But… it is a great case study of how an objectively awful and inconsistent language can develop an environment, workflow, network of users, and set of packages that does exactly what a group of people need. And this isn’t just a question of switching costs and complementarities from network effects: focus often dominates elegance when productivity is concerned.

Unlike using R (let alone stata) to solve a complicated differential equations, it isn’t insane to use Julia for data analysis and linear regressions. Johannes, Mathieu and many others have created excellent packages. If you and your coauthors/RAs already know Julia well - or have those tasks as just one small piece of your project - then they are a great choice. I think what economists should be careful doing, though, is suggesting to people that they consider switching over to Julia for just those tasks from their more specialized language. It isn’t where Julia’s has its main advantages and if people evaluate Julia primarily on those criteria it will lose and they may not come back to evaluate it again in those cases where it would win.

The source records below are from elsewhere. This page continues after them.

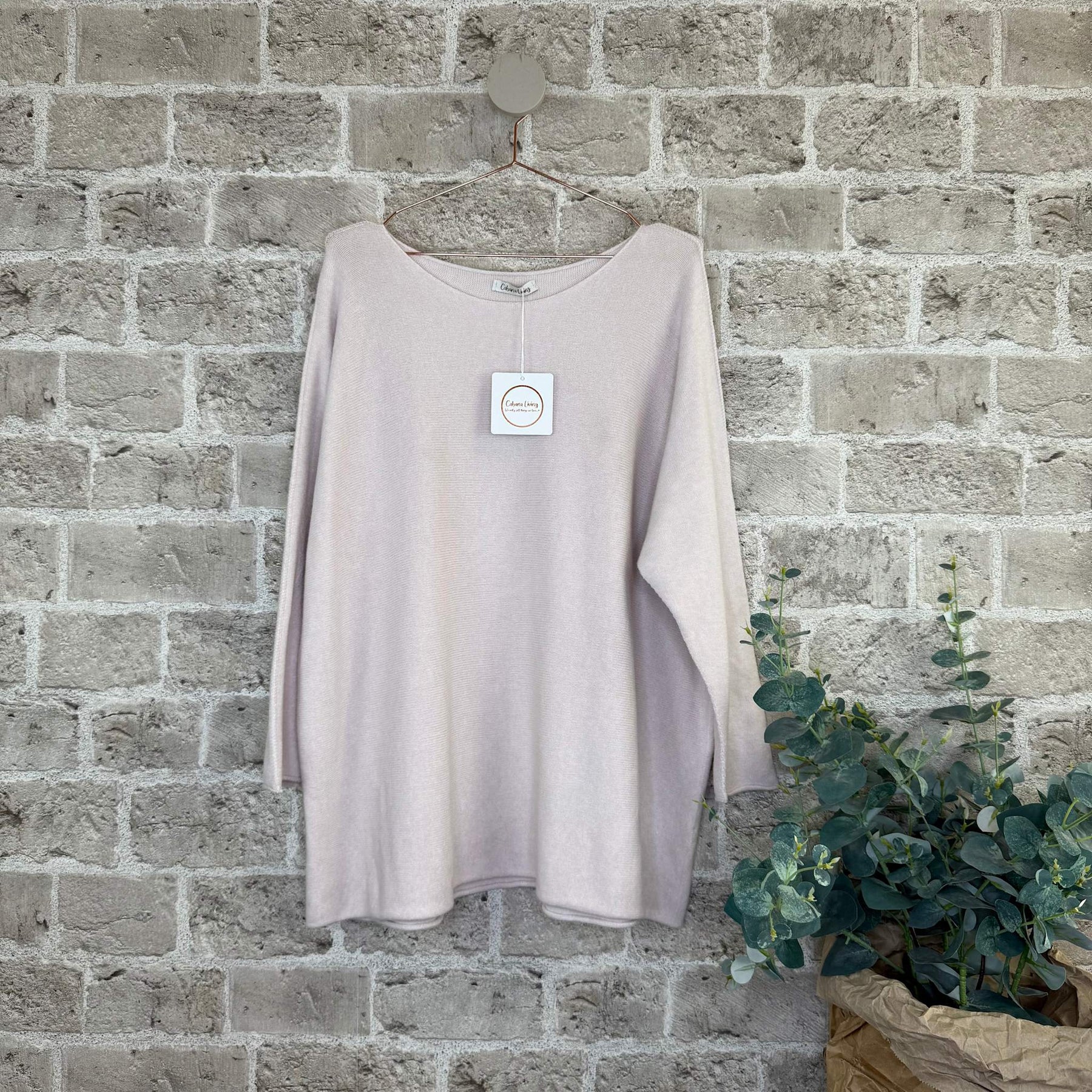 Lækker og blød strik fra Cabana Living. Strikken har båd-hals og 3/4 ærmer og en lang pasform.
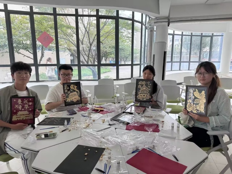活动现场,为师生贴心准备了金箔画与竹编风铃两种独具创意的手工项目。活动伊始,大家领取材料后便迅速投入创作:有的巧手细心贴饰金箔,以流光溢彩的图案勾勒出盛世气象;有的则精心组装竹片与铃铛,将声声祝福编织进一个个诗意盎然的风铃之中。现场氛围轻松而专注,一件件独具匠心的作品在同学们的巧思与协作中渐次成型。
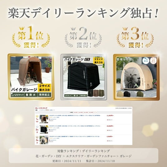 PYKES PEAK(パイクスピーク)のバイクガレージは、2024年の楽天ランキング・ガレージカテゴリーで自社の3商品がランキング独占した実績を誇ります。これは、多くのお客様からの信頼の証でもあり、安心して選ばれる理由となっています。
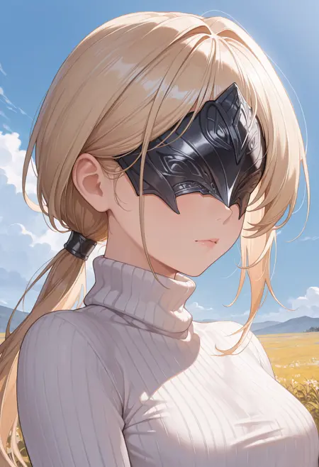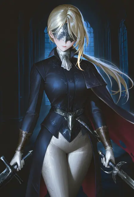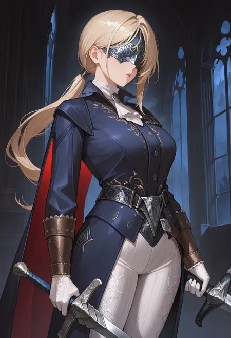 dchss, eye mask, covered eyes, blonde hair, long hair, ponytail, blue coat, white pants, white gloves, cape

I am not sure what the myths are at this point.

Certainly the julia compiler and language still have usability quirks but it is much better and has far less latency than 2019. The development environment is better than it used to be, but not in the same ballpark as the stability of Rstudio, matlab, or even the vscode python support. Given the massive investment in those platforms that shouldn’t be a surprise.

Sadly, the package ecosystem hasn’t consistently kept pace. For some (e.g. DifferentialEquations and ApproxFun to throw out a few) they are the state-of-the-art and well maintained. But many more basic ones have stagnated and when new users find a package they often find it has bugs, holes, or they need to switch between similar packages for small variations on the same task. Python/R also have packages which slowly depreciate - but they have a core set of packages that never will. Similarly, the investment into packages in python numpy/jax/pytorch and matlab has accelerated, and the performance and usability of those has changed substantially. numba/jax/pytorch can be at least as fast as Julia in many cases (or at least until careful performance tweaking happens… all compiled languages end up the same), and a lot of algorithms are linear-algebra dominated so performance comes down to BLAS code. Performance isn’t everything, of course, but it is a dimension that Julia cannot assume it will win at.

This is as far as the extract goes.